ДК Я завоевывал публику много лет, и сейчас у меня есть имя. Не думаю, что сегодня в зале найдется много людей, которые не знают имени Даниила Крамера. Хотя иногда на мои концерты приводят людей, чтобы «познакомить с джазом». Но в целом, мне уже давно никого не надо завоевывать. Выхожу и играю. И мне это нравится.
Когда я был молод, мне очень нравилось завоевывать публику. Потом я понял, что мне это мешает. Мешает восприятию музыки, мешает мне как музыканту. Я не хочу завоевывать, я хочу играть.
ВП Вы стали в какой-то момент главным продвигателем джаза на академические концертные площадки. Слушать джаз не с бокалом коньяка в клубе, а в партере Зала Чайковского, например. Это приблизило джаз к академической публике?
ДК Сегодня я уже не считаю себя главным продвигателем, но когда-то я довольно много приложил к этому сил. В 90-е годы академическая сцена была почти закрыта для джаза. В одной из филармоний мне сказали дословно: «Вы знаете, товарищ Крамер (тогда еще были «товарищи»), в этом году джазовый концерт уже был». И мне тогда было вовсе не смешно! После распада Советского Союза концертная джазовая сцена фактически умерла. Погибло все, что было сделано Чижиком, Брилем, Лундстремом. Во многом пришлось начинать заново.

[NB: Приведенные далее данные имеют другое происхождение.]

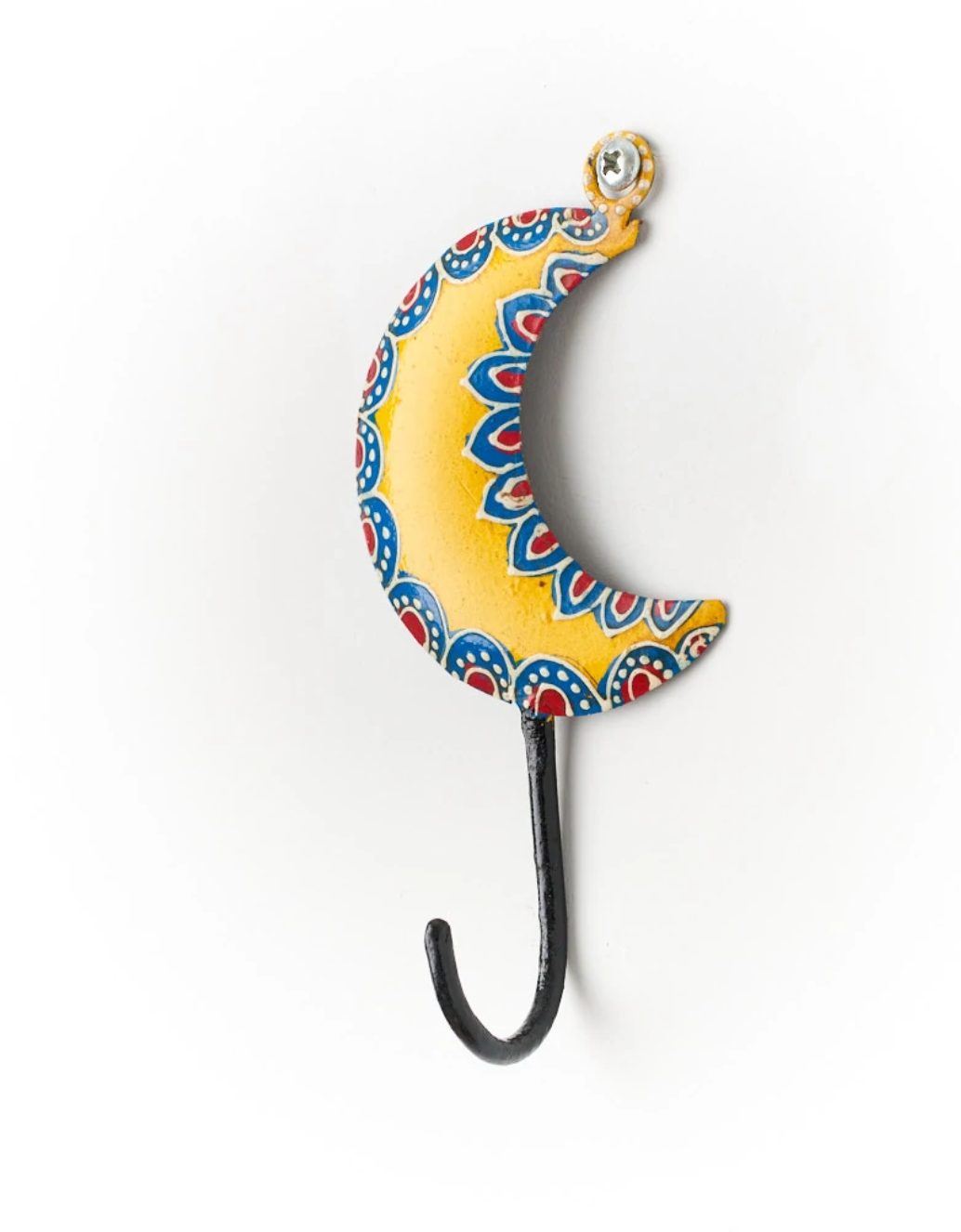 Our Henna Treasure Collection applies traditional artforms passed down for generations in the desert Kutch region of India, featuring handmade, upcycled iron elements with colorful, intricately hand painted detail. This unique wall-mounted hook features a vibrant crescent moon design and solid metal construction. The hand painted accents are added with precision, a rich expression of age-old Indian design motifs.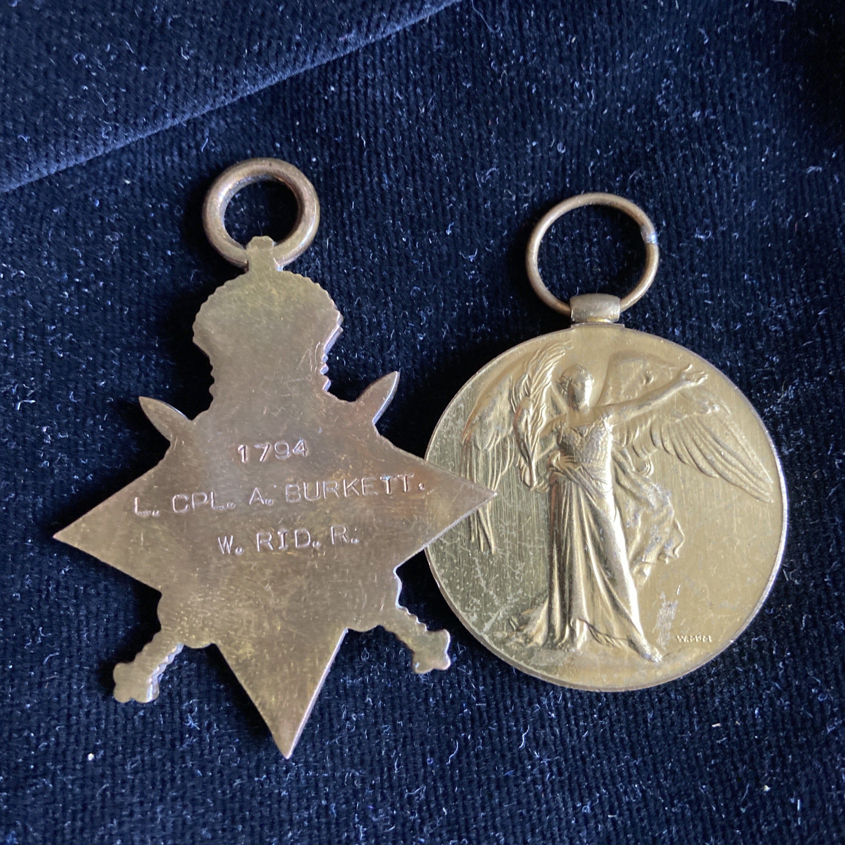 WW1 pair to 1794 L/Cpl. Alfred Burkitt, West Riding Regiment, he then transferred to the RAF; 41527 Air Mechanic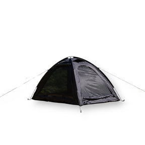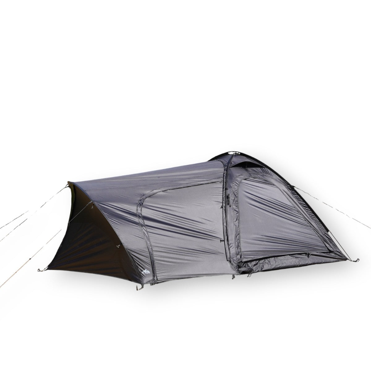 前幕を取り付けると、足を伸ばしてゆったりくつろげる前室付きソロテントとして使用できます。

Целью моих усилий было регулярное появление джаза на филармонических афишах, на академической сцене. И я считаю, что этого добился. Сейчас джазовые концерты в академических залах являются нормой, и это не один концерт в год или в месяц.

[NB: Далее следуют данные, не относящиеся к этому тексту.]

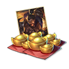 礼包内容:购买后可得手气卡*1,并赠送金枝童趣宝箱*1;打开宝箱可以得到界孙尚香,金枝玉叶*界孙尚香,百器皆擅*界孙尚香,夙尚祈新*sp孙尚香,新春贺岁*SP孙尚香,水晶碎片,大将军印等将印,将印宝箱,功勋60~300,年节安康收藏册笑颜送新动静态部件;孙尚香,SP孙尚香各品质皮肤部件等丰富道具其中之一(部分重复道具返还夺宝碎片/南瓜饼/夺宝重置券)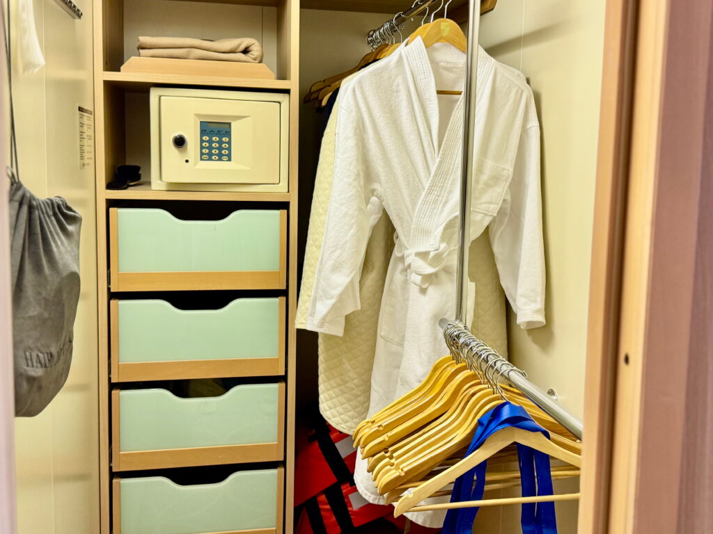 24.4㎡〜30.2㎡と聞くと比較的コンパクトに感じるかもしれませんが、ウォークインクローゼット、バスルームに2つの洗面台、ドレッサー、そしてお部屋の各所に複数の収納があるので、2人で過ごすには想像以上に快適。2人分のスーツケースを荷ほどきしても、収納場所は余るほどでした。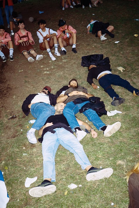 Я не пил алкоголь и при этом впервые оказался в палатке часов в десять вечера, когда веселье было в самом разгаре. И очень порадовался тому, что сам не пью. Сразу было видно, кому с утра будет совсем плохо — таких людей было немало. Большинство вели себя просто как пьяные люди: сосались, стояли на столах, паясничали и прикалывались друг над другом. Парочки лапали друг друга, не стесняясь. Одним словом, для фотографа — рай. На тебя никто не обращает внимания, а если и обращает то сам лезет сниматься.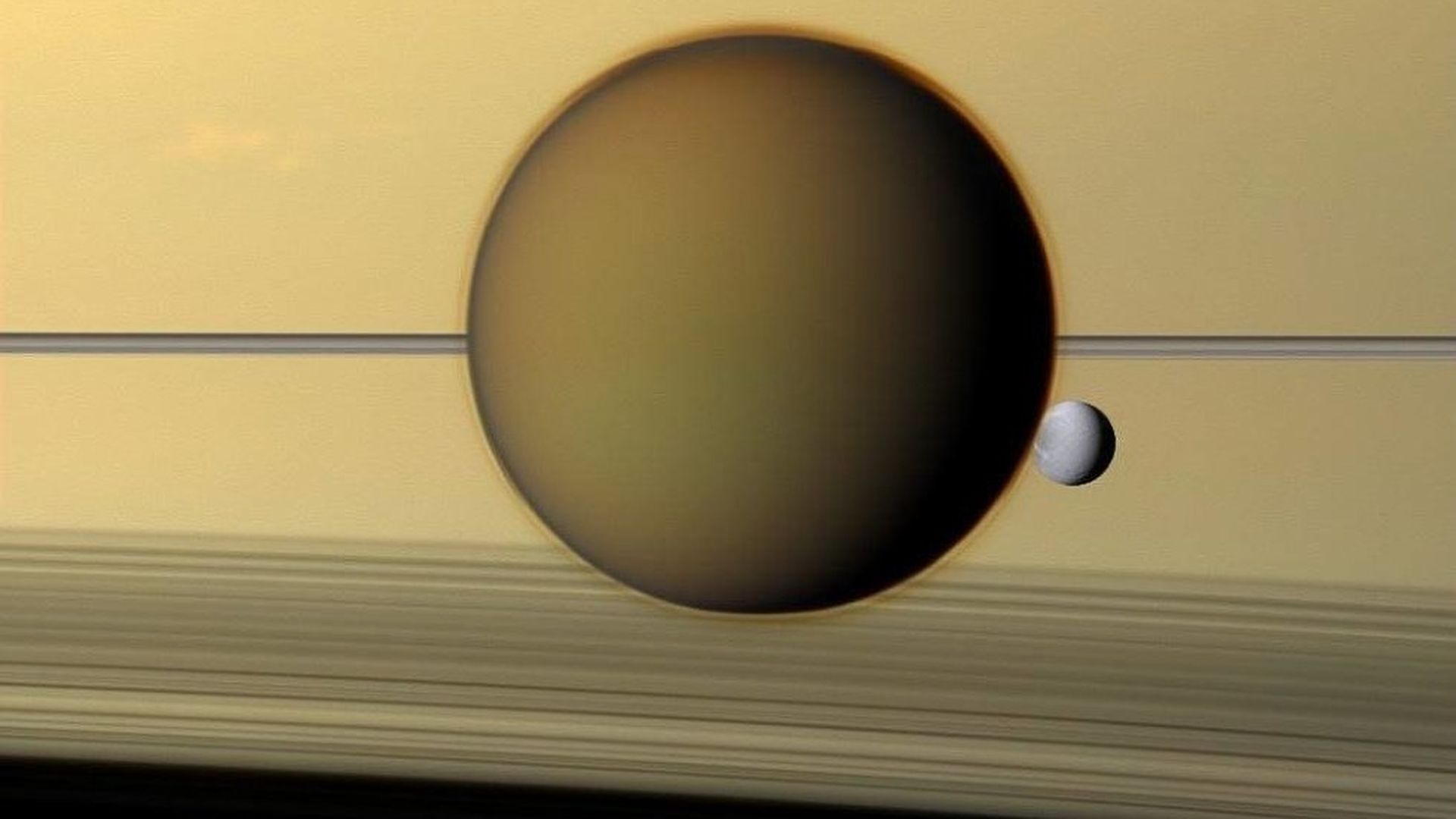 Saturn's third-largest moon Dione can be seen through the haze of its largest moon, Titan, in this view from NASA's Cassini spacecraft. Credit: NASA / JPL-Caltech / Space Science Institute
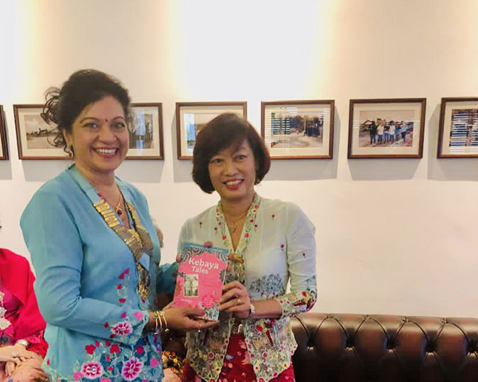 Dr Lee Su Kim presenting a copy of her book "Kebaya Tales" to DC Shanti Menon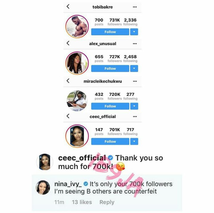 BBNaija finalist, Cee-C has finally hit the 700k followers mark on Instagram, after Alex, Tobi and Miracle already hit theirs.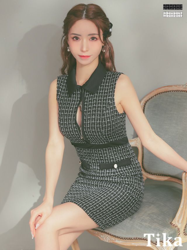3. 襟付き ノースリーブ ジップ ツイード チェック柄 タイトミニドレス (Sサイズ~XLサイズ) (浦西ひかる/キャバドレス着用)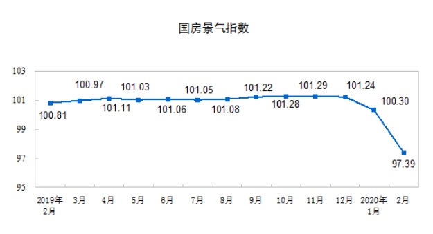 2月份,房地產(chǎn)開發(fā)景氣指數(shù)(簡(jiǎn)稱“國(guó)房景氣指數(shù)”)為97.39。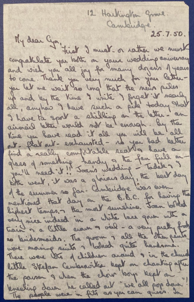First I must – or rather we must congratulate you both on your wedding anniversary and wish you all joy for many dozens of years to come. Thank you very much for your letter – you let me wait so long that the news piles up and by the time I write I forget it nearly all, anyhow I have such a pile today that I have to spend a shilling on the letter – an email letter would not be enough. By the time you have read it all you will be all out- flat out-exhausted – so you had better find a really comfortable seat & have a glass of something handy & a fan full on- you’ll need it!! Joan’s wedding- Tadek & I both went, it was a glorious day, the best day of the summer so far. Cambridge was even mentioned that day on the B.B.C. for having the highest temps. & the most sunshine. Joan looked very nice indeed in a white lace gown with a train & a little crown & veil – a very pretty frock, no bridesmaids. The groom & all the other gents wore morning suits & looked quite handsome. There were lots of children around and in the church little Stefan Cembrowicz kept on chanting after the parson & when the choir boys kept on kneeling down he called out “we all pop down”! The people were in fits as you can guess. In fact little Stefan was the centre of attraction all day – he is a cute little kid. The reception was held in De Freville Avenue- the house of course – & the garden which looked very nice for a change. The food was excellent & Jerome & Gwen made a good host & hostess- they had about four waitresses from somewhere – plenty of drinks & ice creams- & Stefan running around – once in the nude because his shoulder straps fell off his trousers – you should have seen & heard the dear old ladies – they were afraid to go to the rescue- Tadek had to go to the rescue in the end. When Tadek asked him in Polish where he lived he answered correctly. A telegram from your mother was read out with the others. Edward has some lovely pictures of the wedding in his window-big ones- taken at & in the church & at home. After the wedding they went off in Don’s little car with an assortment of cans & junk tied underneath by the wedding guests. The whole afternoon was really a very enjoyable affair & had a very amusing sequel for me – would you like to hear it – here goes. During the reception I recognized a girl who I thought was a teacher I had seen somewhere & apparently the same went for her because she came up to me & asked me whether she was right in thinking I taught at Coleridge as she was once on the Boys Department etc. & she sent her love to Waddy & Kay Harper. She had come up for the occasion especially from Surrey or Sussex. I gave the message to Waddy but forgot her name it was so funny- Bridie Elmper [?]. After describing her Waddy guessed it & said – “whatever is she doing here – she lives with her husband in Surrey & has no relatives here – the only person she knows lives in Royston where she taught once & on whom she was crazy in spite of being married to a fellow in the army – Don Humphris!!” “Well – that was the fellow who got married” said I- “Good Lord”– said Waddy “he ran around with Bridie even came to Coleridge to take her out when she came here & then met Kay Norman & took her about & the two women had a dreadful row over him & in the end he married someone else who was killed last year by lightning on the Royston golf course”! All this was news to me & I gasped as you can guess especially when Waddy said lots of women were crazy on Don- she apparently even went with the party to a pub now and then because she was very fond of this Bridie. Fancy Bridie coming up to the wedding & tagging her husband along too!! Did you know Don was a widower- do you remember that woman getting killed last year summer- I do. It certainly seemed funny that Waddy should give me the lowdown on this romance. Well so much for Joan.

Одной из причин, по которой я включал академические произведения в джазовые программы еще в 90-е, было желание завести классическую аудиторию на джазовые концерты, и джазовую аудиторию – в зал на классические концерты. Объединить аудитории, разделить это дурацкое, на мой взгляд, деление по жанрам. Музыка едина. Не делят же в классике Моцарта и Баха, хотя это очень разная музыка. Для меня разница между Хиндемитом и Палестриной намного больше, чем между Равелем и Эллингтоном. Частично мне удалось объединить эти разные публики, и я продолжаю это делать.
ВП Вы наравне с Бутманом очень высокотехнологичный джазмен в смысле организации туров и гастролей с разными программами. Как у вас родилась идея джазовых туров?

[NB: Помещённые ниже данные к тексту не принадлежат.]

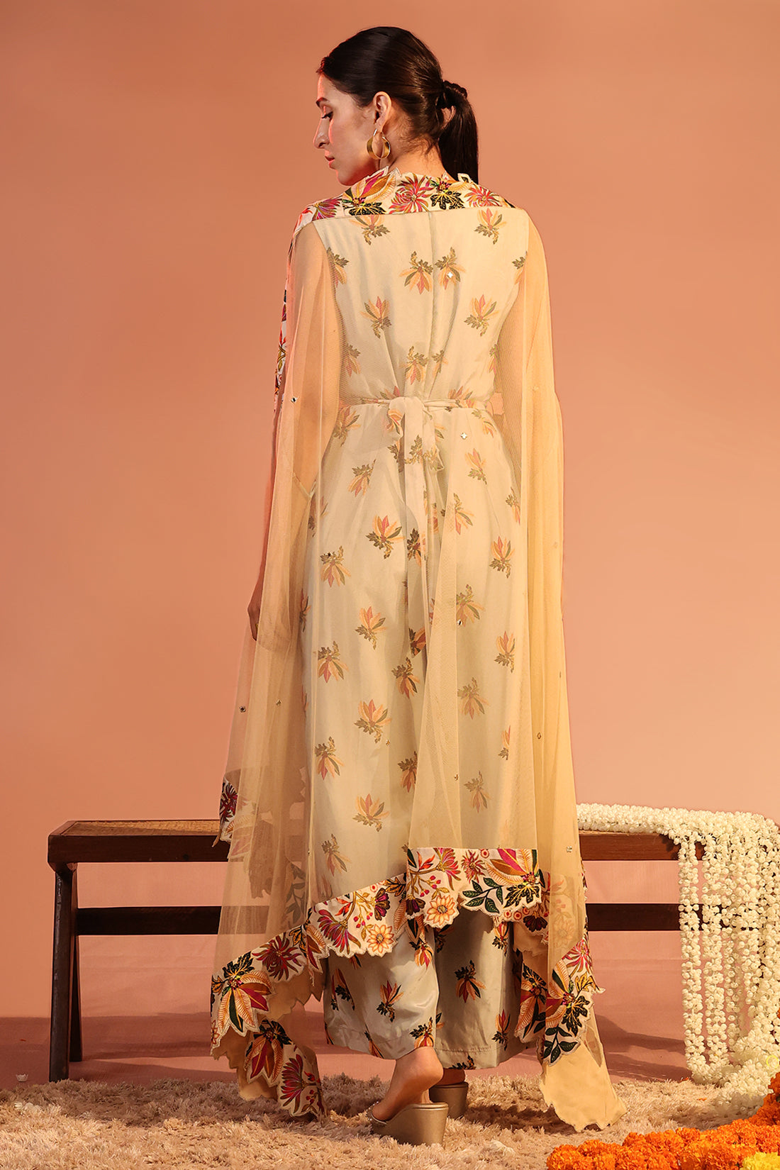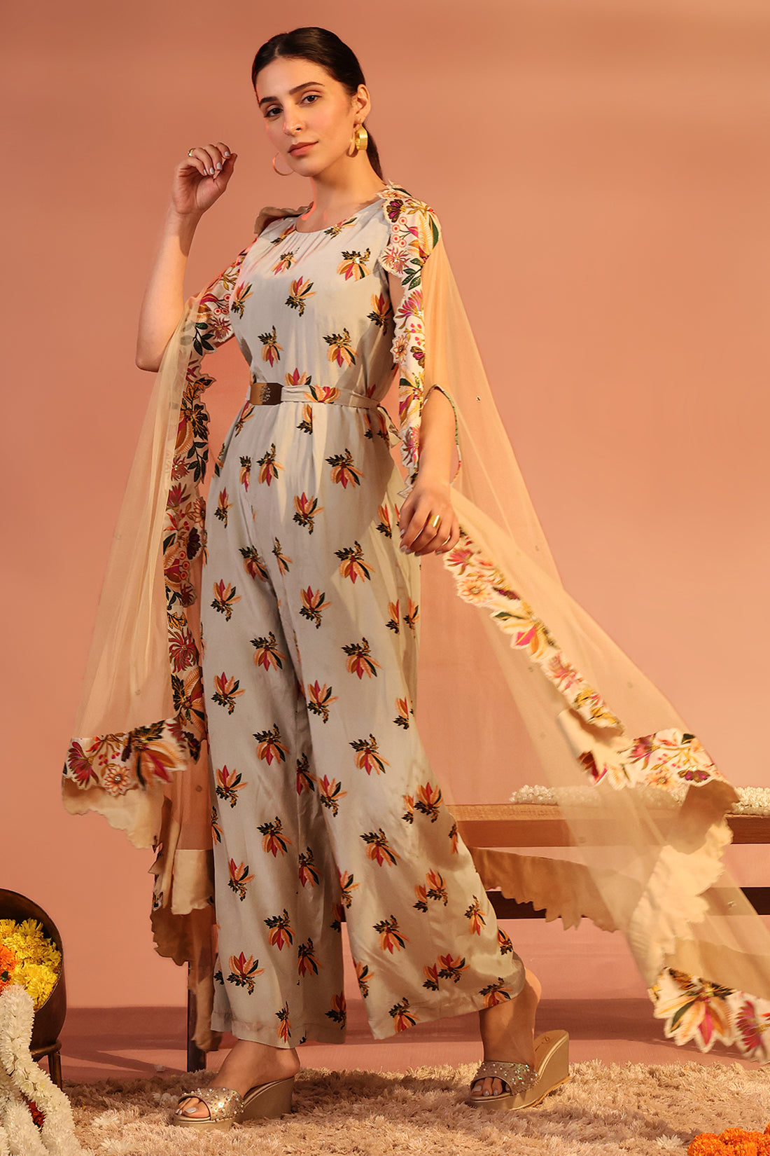 Blue Aarani Printed Jumpsuit with a Statement Metal Belt, Paired with an Embroidered Net Cape.

ДК Она не сама по себе родилась. Анализируя ситуацию 90-х, я понял, что нужны циклические программы. Я начал договариваться с филармониями об очень неожиданном и непривычном тогда деле – гастрольных джазовых абонементах. В те годы филармонические абонементы строились только на основе местных сил – музыкантов и лекторов. Я же предложил гастрольные абонементы. Было много сомнений в рентабельности. Но несколько директоров приняли мой план, поверили в него, и оказалось, что он очень успешен. Сейчас у меня огромное количество гастрольных абонементов по всей России. И даже там, где меня нет, есть другие джазовые гастрольные абонементы. Чему я очень рад. Регулярные гастроли джазовых музыкантов по России обогащают всю джазовую жизнь в стране.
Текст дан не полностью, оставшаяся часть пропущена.